The continued retirement of coal-fired power across the US in 2022 is promising to make generators more reliant on natural gas this winter. As fuel-switching capacity in the US power market dwindles, increasingly price-inelastic demand for gas could add more fuel to the rally in gas prices this winter.
In 2022, US power generators have already shuttered nearly 10.3 GW of coal-fired generating capacity. Before the end of this year, another 3.3 GW of coal capacity is also scheduled for retirement.
The Midcontinent Independent System Operator leads the US in coal retirements so far this year, shuttering nearly 4.5 GW of capacity through October. PJM Interconnection is a close second, closing just over 4 GW of coal capacity. Retirements in FRCC, SERC and the Desert Southwest combined total nearly 1.8 GW so far this year, data from S&P Global Commodity Insights shows.

This summer, coal capacity retirements made over the past year helped to fuel a record-high season for power burn demand. From June to August, US generators burned a record-high 42.6 Bcf/d outpacing, last summer’s average by 3.7 Bcf, or nearly 10%. Despite record-high prices for Henry Hub gas this summer, power burn demand also exceeded the prior summer record set in 2020 when gas prices below $2 prompted many generators to switch away from coal-fired to gas-fired generation.

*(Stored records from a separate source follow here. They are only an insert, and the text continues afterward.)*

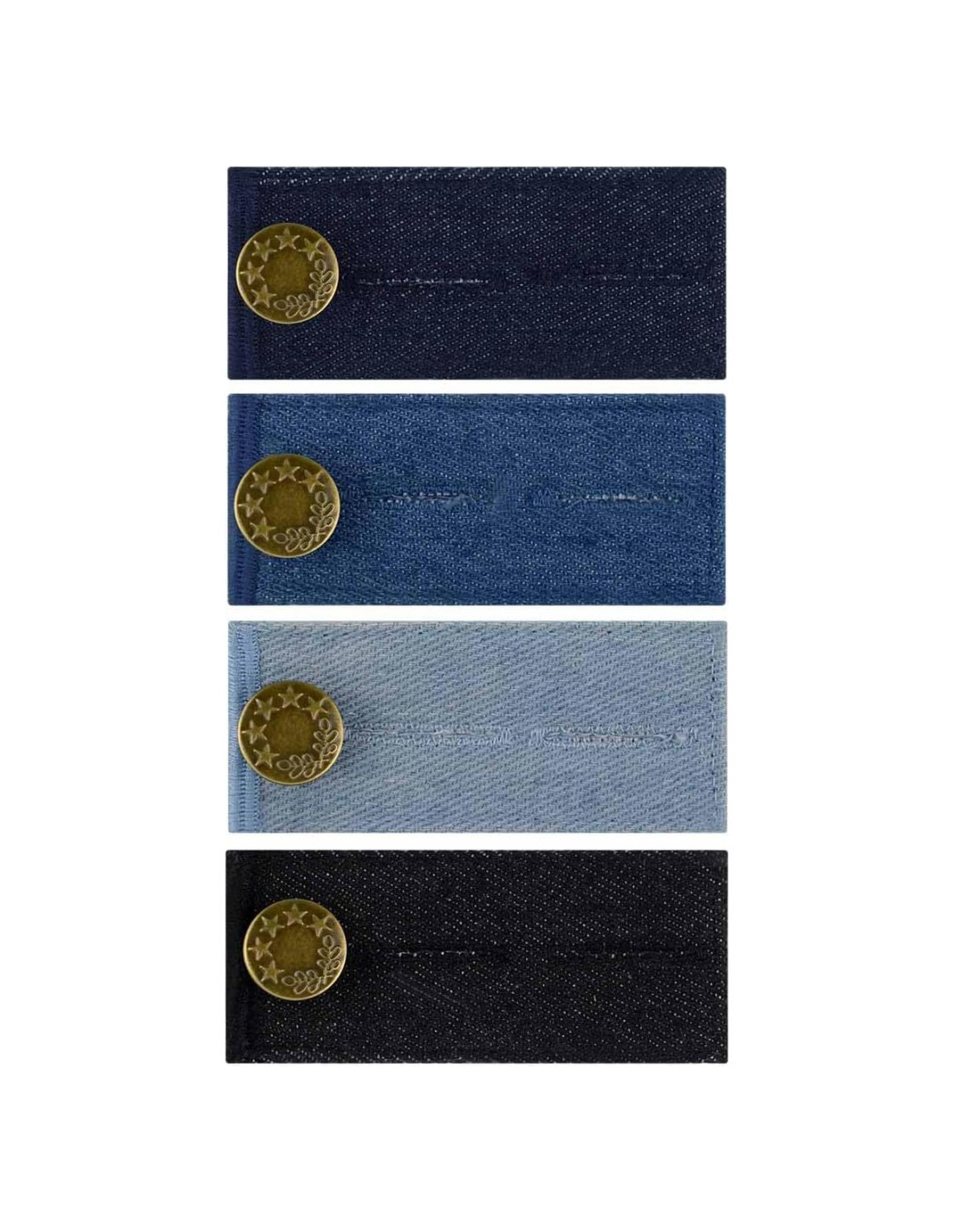 - [Lo Que Recibirás] Cada paquete viene con 4 pcs botones extensores de cintura en 4 tipos de colores diferentes (azul claro, azul, azul oscuro, negro), que es suficiente para tu uso diario. Hemos seleccionado los cuatro tonos de mezclilla más comunes para estos extensores de botón, lo que es conveniente para que los combines con pantalones y faldas de mezclilla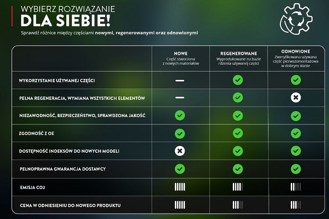 Tabela z porównaniem części nowych, regenerowanych i odnowionych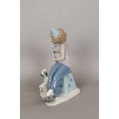 Мальчик - клоун с саксофоном и щенок, высота 26 см, максимальная длина 24 см, ширина 14 см, Испания, Lladro

As US coal retirements continue, fuel switching among thermal power sources is no longer an option for many generators, making much of the US power market a price-taker for gas. For that reason, this winter could be another record one for power burn demand – regardless of how high gas prices go.

Outlook
During this winter’s peak heating-demand months from December 2022 to February 2023, US power burn is forecast to outpace the record 2019-2020 winter season when low gas prices lifted generator demand to an average 29.9 Bcf/d over the same three-month period, data from S&P Global shows.
The record forecast for power demand this winter comes despite high gas prices. From December to February, forward gas markets are pricing the US benchmark Henry Hub at an average $6.97/MMBtu – the highest winter forward price in over a decade. Despite that, and thanks to continued US coal plant retirements, most generators will likely have little choice but to use gas as their baseload, peaking and/or intermittent thermal fuel source.
The record-high power burn forecast from S&P Global Commodity Insights, however, is calculated based on weather-normal demand. While a milder winter could weaken the power burn outcomes this season, colder-than-average temperatures could also mean generator demand outperforms the forecast.